The ELN quickly denied the reports, and when InSight Crime spoke to a highly-placed intelligence source in the Colombian military months later, the source said Pablito is alive and in El Nula, Apure — the same town where he was managing operations when InSight Crime visited in 2011.
Dead or alive, Pablito’s legacy will endure. Pablito played a central role in the ELN’s transition into a binational group in the border region. And he was the most important driving force behind an expansion that saw the ELN replace the FARC as arguably the most powerful armed group not only in Colombia but also in Venezuela.
In Venezuela, InSight Crime has mapped the presence of ELN operations in 40 municipalities in 8 states, more than double the 11 municipalities in four states where we have confirmed the presence of FARC dissidents, and far more than any other illegal armed group in the country.
The ELN is in the process of establishing a chokehold on the border. With a presence in 19 out of the 20 Venezuelan municipalities that border Colombia, including every border municipality in the states of Zulia, Amazonas, and Táchira, it controls more clandestine border crossings, drug production zones, and smuggling routes than anyone else, including the Venezuelan state.

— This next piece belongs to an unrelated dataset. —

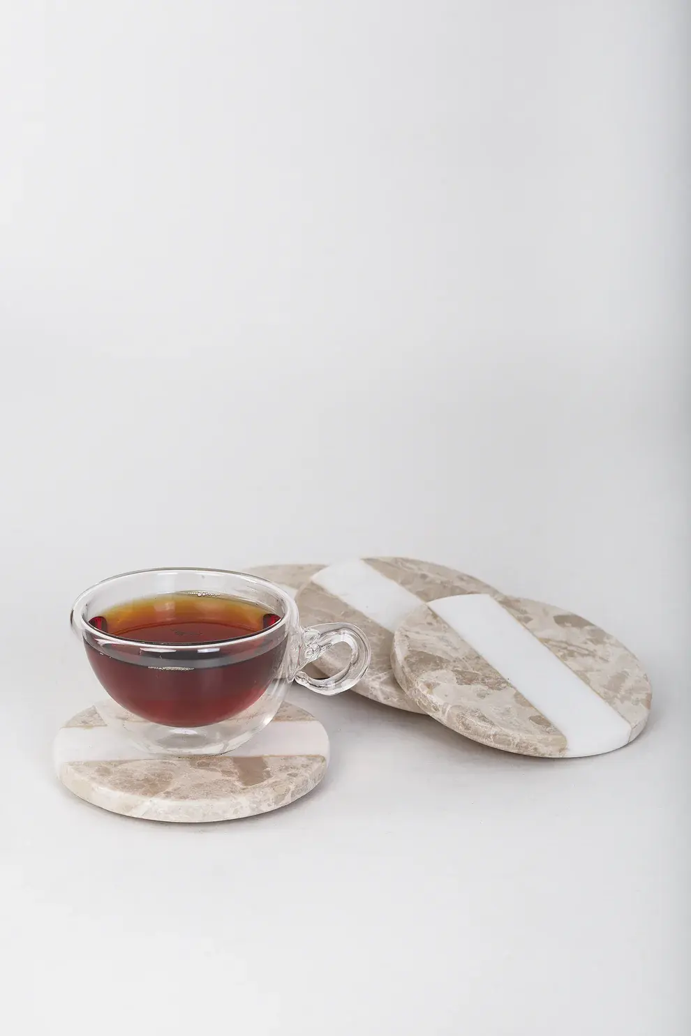 Add elegance to your table with these handcrafted, premium-quality marble coasters. they blend style and function for any home decor. Available in sets of 4 .

And it is establishing a foothold in the interior. InSight Crime has also traced its presence to 10 municipalities in four states outside of the border region, including in the gold mines of Bolívar.
Control of these regions means the chance to profit from the criminal economies they contain, and InSight Crime investigations have confirmed the ELN’s active participation in drug trafficking, illegal mining, extortion, and contraband smuggling in Venezuela.